Task description - For the data below, give again exactly the lines from the one containing "I don’t think" through the one containing "Denne bedkant er", both ends included, and no others.

Supplied records -

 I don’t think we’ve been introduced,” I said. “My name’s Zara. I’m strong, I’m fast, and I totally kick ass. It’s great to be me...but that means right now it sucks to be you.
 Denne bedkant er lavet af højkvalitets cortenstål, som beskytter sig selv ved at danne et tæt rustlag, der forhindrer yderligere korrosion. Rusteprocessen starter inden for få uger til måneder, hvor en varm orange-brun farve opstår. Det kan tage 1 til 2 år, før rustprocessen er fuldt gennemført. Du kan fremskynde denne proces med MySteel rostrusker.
---
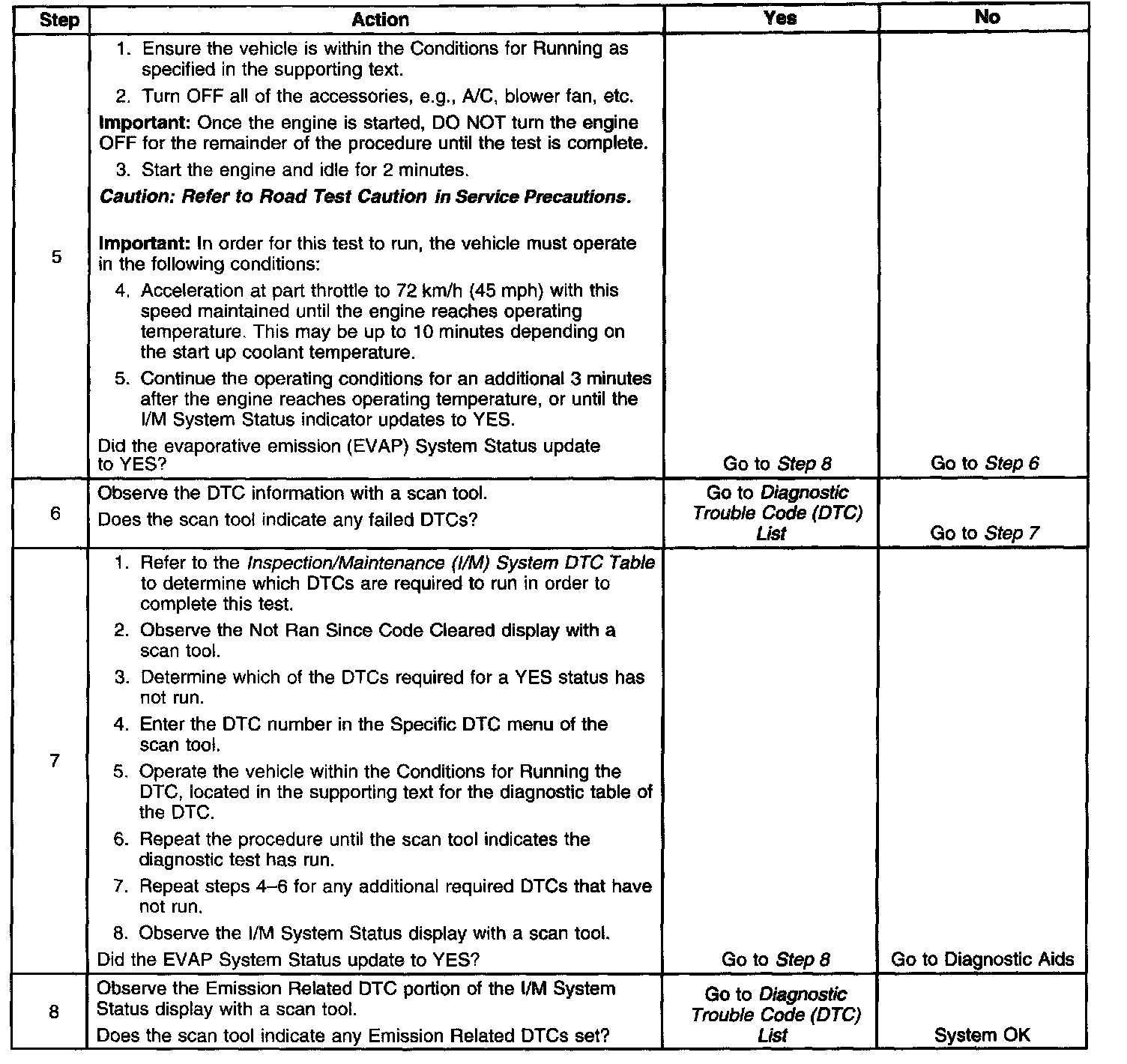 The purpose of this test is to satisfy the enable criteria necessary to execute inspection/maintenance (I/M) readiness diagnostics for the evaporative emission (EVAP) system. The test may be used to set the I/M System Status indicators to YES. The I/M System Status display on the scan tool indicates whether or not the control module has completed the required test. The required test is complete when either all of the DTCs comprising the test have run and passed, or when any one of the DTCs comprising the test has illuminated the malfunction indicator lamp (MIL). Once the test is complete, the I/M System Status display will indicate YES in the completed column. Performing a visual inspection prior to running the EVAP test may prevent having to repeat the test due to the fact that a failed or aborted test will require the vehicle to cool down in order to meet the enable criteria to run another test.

Result of this task -
 I don’t think we’ve been introduced,” I said. “My name’s Zara. I’m strong, I’m fast, and I totally kick ass. It’s great to be me...but that means right now it sucks to be you.
 Denne bedkant er lavet af højkvalitets cortenstål, som beskytter sig selv ved at danne et tæt rustlag, der forhindrer yderligere korrosion. Rusteprocessen starter inden for få uger til måneder, hvor en varm orange-brun farve opstår. Det kan tage 1 til 2 år, før rustprocessen er fuldt gennemført. Du kan fremskynde denne proces med MySteel rostrusker.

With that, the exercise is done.